Logistic Regression

3. Logistic RegressionΒΆ

Objectives

  • Understand the basic concepts of logistic regression.

  • Apply logistic regression to real data.

  • Evaluate the performance of a logistic regression model.

  • Interpret the results of a logistic regression.

Expected time to complete: 2.5 hours

The linear regression model discussed in Linear regression assumes that the response variable \(y\) is quantitative. But in many situations, the response variable is instead qualitative. In this chapter, we will study approaches for predicting qualitative responses, a process that is known as classification. There are many possible classification techniques, or classifiers, that can be used to predict a qualitative response. In this chapter, we will focus on logistic regression, which is a classification technique that is commonly used for binary classification, i.e. to predict a binary response, a response with only two possible outcomes such as pass/fail, win/lose, alive/dead or healthy/sick.

Ingredients

  • Input: features of data samples.

  • Output: class labels of data samples.

  • Model: transform the class label probability ranging from 0 to 1 to a range from -\(\infty\), to \(\infty\) using the logit function and fit a line (or plane/hyperplane), i.e. a linear regression model, to the transformed training data and map the value on the fitted line (or plane/hyperplane) for the test data to its corresponding class label probability via the logistic (sigmoid, inverse logit) function.

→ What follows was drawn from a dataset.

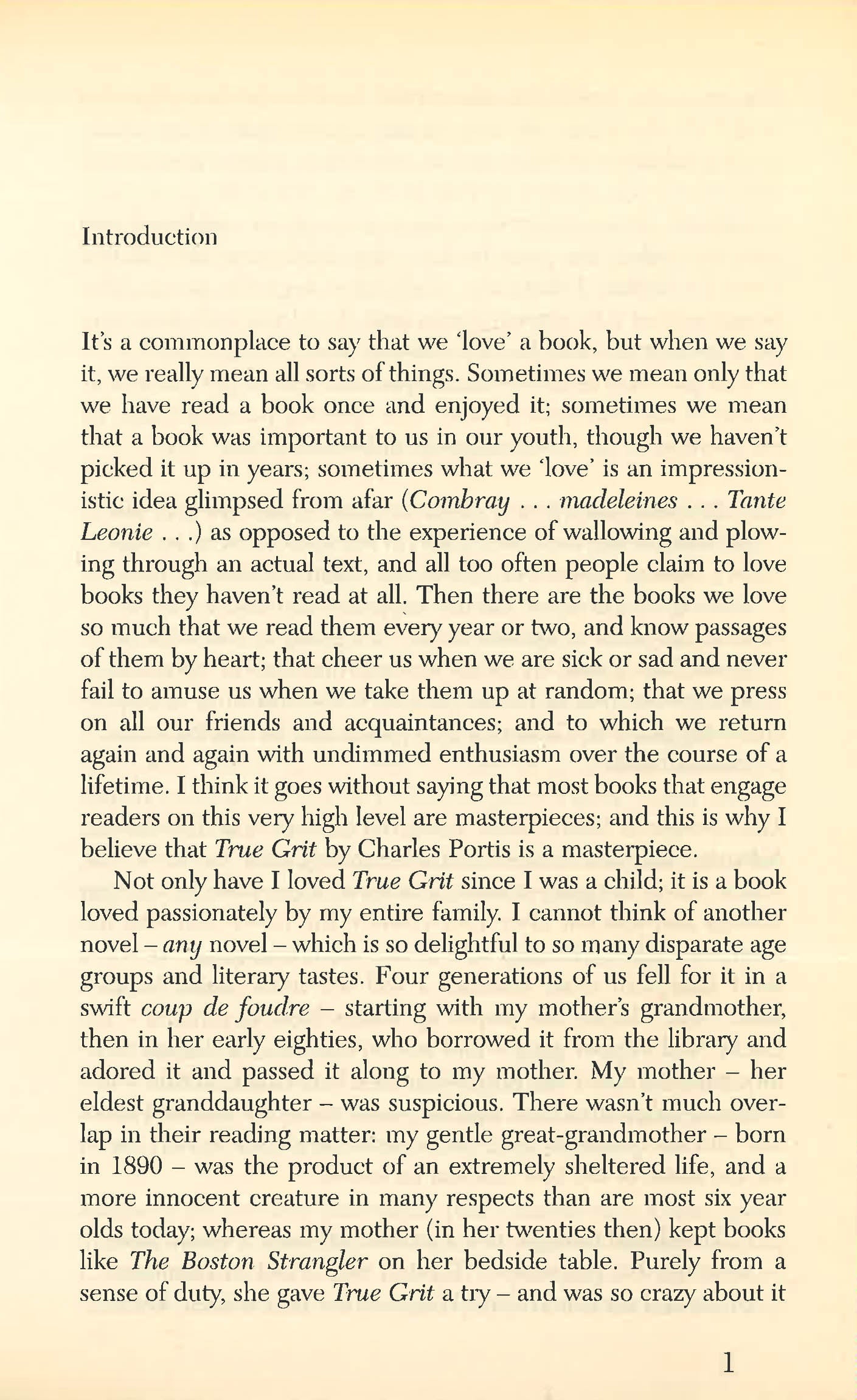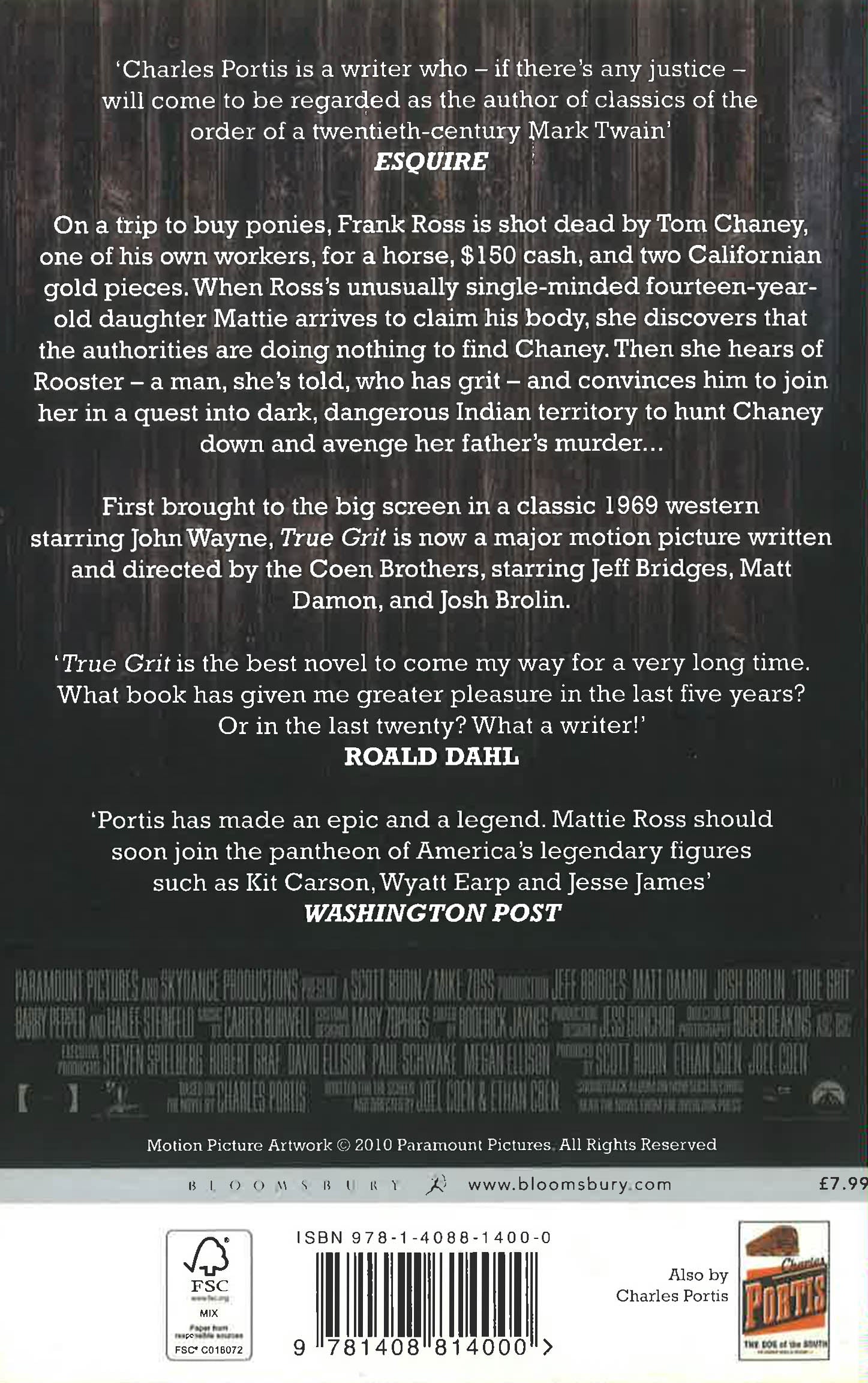 There is no knowing what lies in a man's heart. On a trip to buy ponies, Frank Ross is killed by one of his own workers. Tom Chaney shoots him down in the street for a horse, $150 cash, and two Californian gold pieces. Ross's unusually mature and single-minded fourteen-year-old daughter Mattie travels to claim his body, and finds that the authorities are doing nothing to find Chaney. Then she hears of Rooster - a man, she's told, who has grit - and convinces him to join her in a quest into dark, dangerous Indian territory to hunt Chaney down and avenge her father's murder.

    • Hyperparameter(s): None (unless using regularisation).

    • Parameter(s): the intercept(s) and slope(s) of the fitted line (or plane/hyperplane), also known as the bias(es) and weight(s), respectively.

  • Loss function: maximise the joint likelihood (probability) of the class labels for the training data points.

  • Learning algorithm: Gradient descent on the negative log likelihood (or cross-entropy).

System transparency

System logic

  • Condition to produce certain output: to produce a positive label with a probability \(p\), or equivalently a negative label with a probability \((1-p)\), transform the probability \(p\) to a real value \(\mathrm{logit}(p)\) via the logit function, locate this value \(\mathrm{logit}(p)\) on the fitted line (or plane/hyperplane) and then find the corresponding input \(x\) (or \(\mathbf{x}\)) value.